> Task brief
Below are records with pictures in them. Transcribe everything from the line containing "معرض توعوي متنقّل" down to the line containing "This paper explores", exactly, and leave the pictures behind.

━━━━━ Materials provided ━━━━━

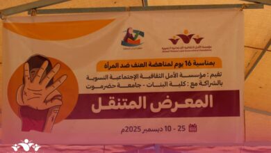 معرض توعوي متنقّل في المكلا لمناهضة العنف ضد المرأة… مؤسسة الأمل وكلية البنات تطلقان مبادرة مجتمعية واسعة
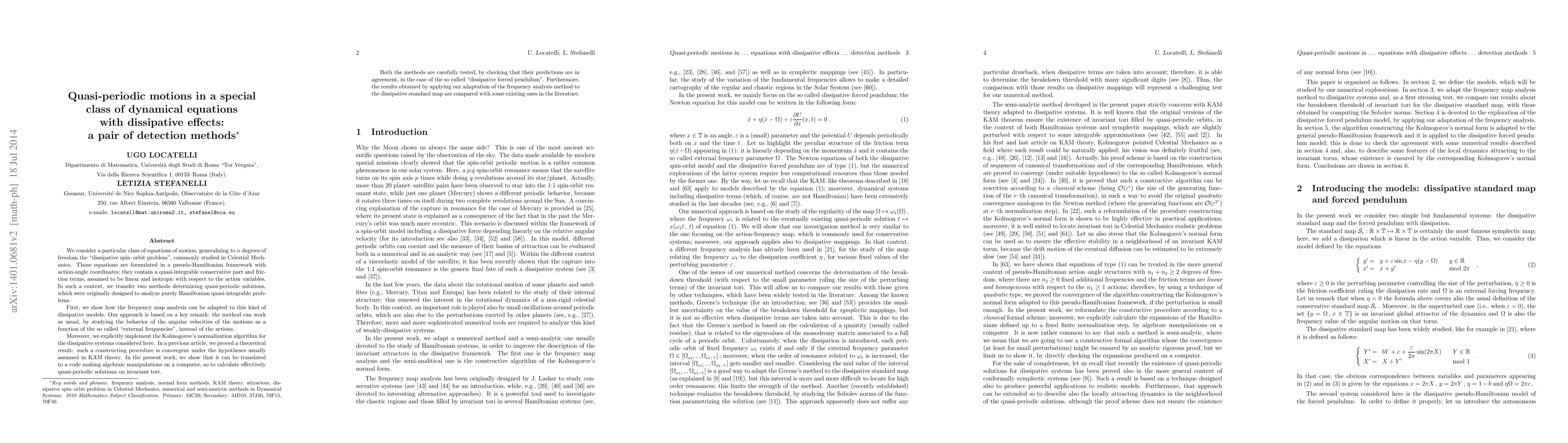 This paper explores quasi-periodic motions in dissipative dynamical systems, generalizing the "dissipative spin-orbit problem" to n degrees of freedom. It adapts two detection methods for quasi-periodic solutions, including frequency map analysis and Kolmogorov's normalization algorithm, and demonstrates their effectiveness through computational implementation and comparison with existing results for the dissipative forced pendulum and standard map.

━━━━━
━━━━━ Materials provided ━━━━━

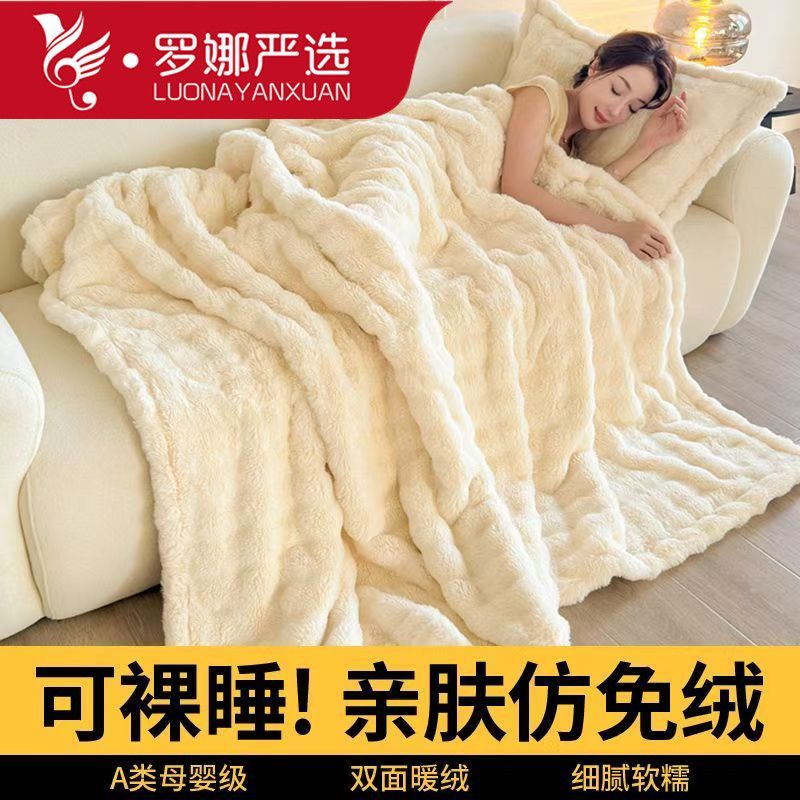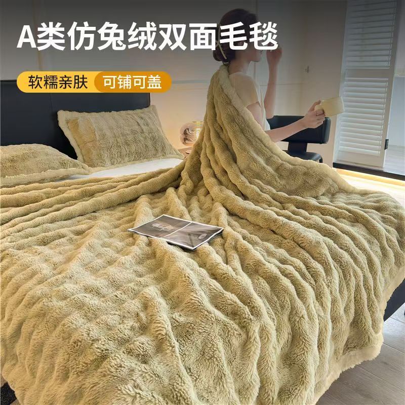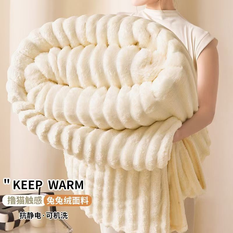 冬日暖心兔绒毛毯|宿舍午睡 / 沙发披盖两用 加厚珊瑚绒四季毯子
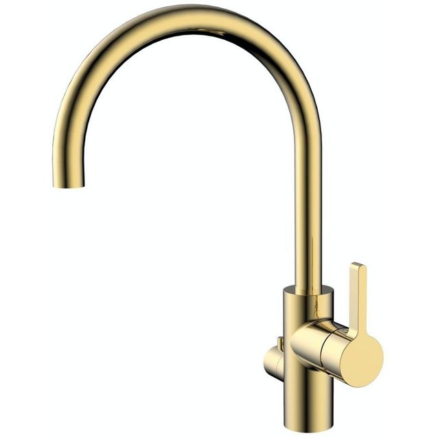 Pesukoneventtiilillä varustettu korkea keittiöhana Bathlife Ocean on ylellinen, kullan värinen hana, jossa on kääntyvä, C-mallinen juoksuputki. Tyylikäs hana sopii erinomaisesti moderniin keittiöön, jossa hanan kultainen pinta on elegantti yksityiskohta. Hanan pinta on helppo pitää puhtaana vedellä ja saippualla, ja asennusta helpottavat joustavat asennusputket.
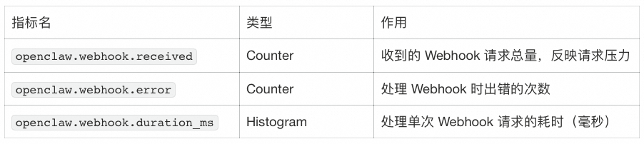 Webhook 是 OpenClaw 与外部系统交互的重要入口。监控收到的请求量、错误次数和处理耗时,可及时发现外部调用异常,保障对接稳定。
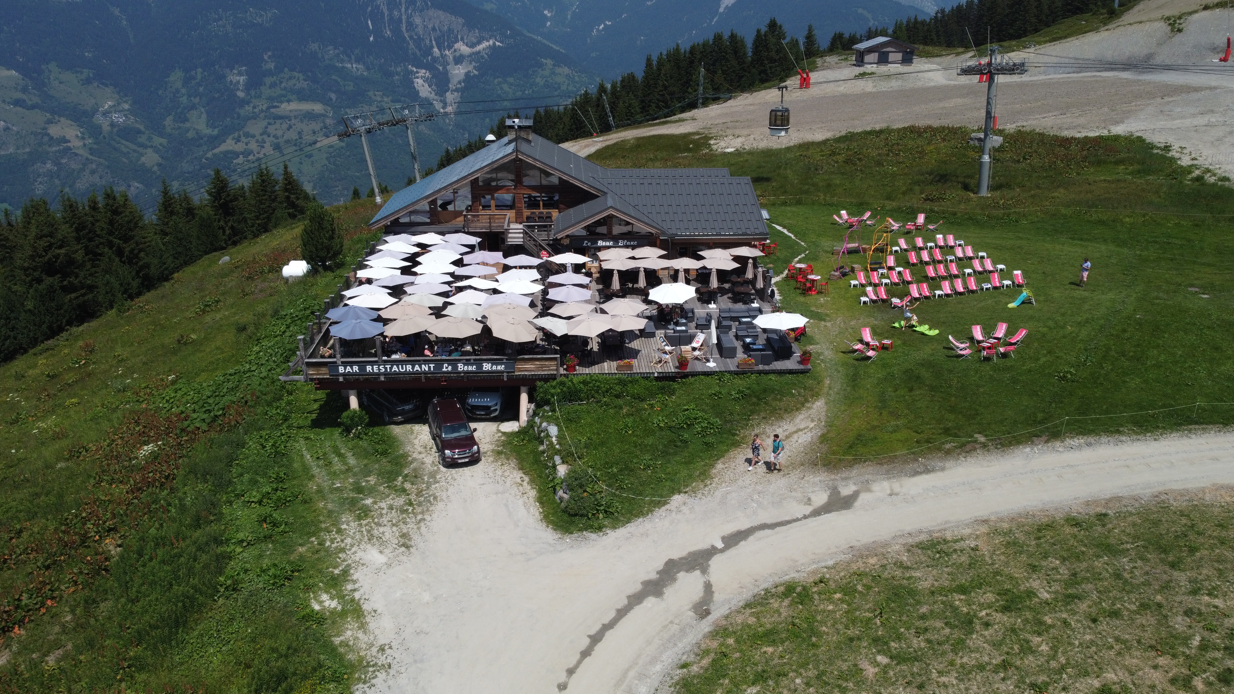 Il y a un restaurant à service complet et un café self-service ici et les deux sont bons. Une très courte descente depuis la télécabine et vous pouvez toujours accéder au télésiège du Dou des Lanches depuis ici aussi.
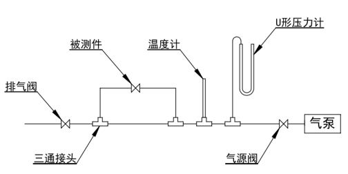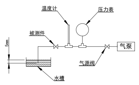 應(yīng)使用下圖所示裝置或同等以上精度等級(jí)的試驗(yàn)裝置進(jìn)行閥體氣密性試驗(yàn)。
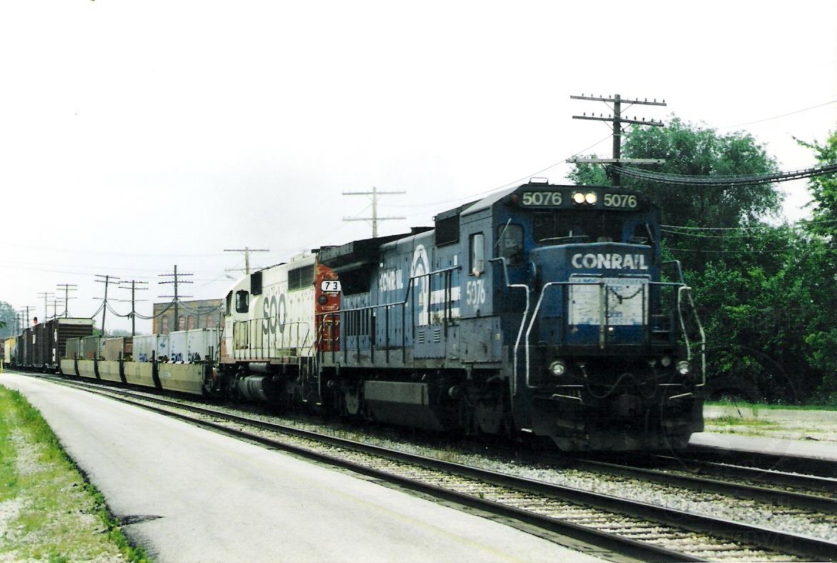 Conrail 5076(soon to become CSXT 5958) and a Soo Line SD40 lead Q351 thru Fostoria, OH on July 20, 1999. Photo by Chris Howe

━━━━━

> Output for this exercise
 معرض توعوي متنقّل في المكلا لمناهضة العنف ضد المرأة… مؤسسة الأمل وكلية البنات تطلقان مبادرة مجتمعية واسعة
 This paper explores quasi-periodic motions in dissipative dynamical systems, generalizing the "dissipative spin-orbit problem" to n degrees of freedom. It adapts two detection methods for quasi-periodic solutions, including frequency map analysis and Kolmogorov's normalization algorithm, and demonstrates their effectiveness through computational implementation and comparison with existing results for the dissipative forced pendulum and standard map.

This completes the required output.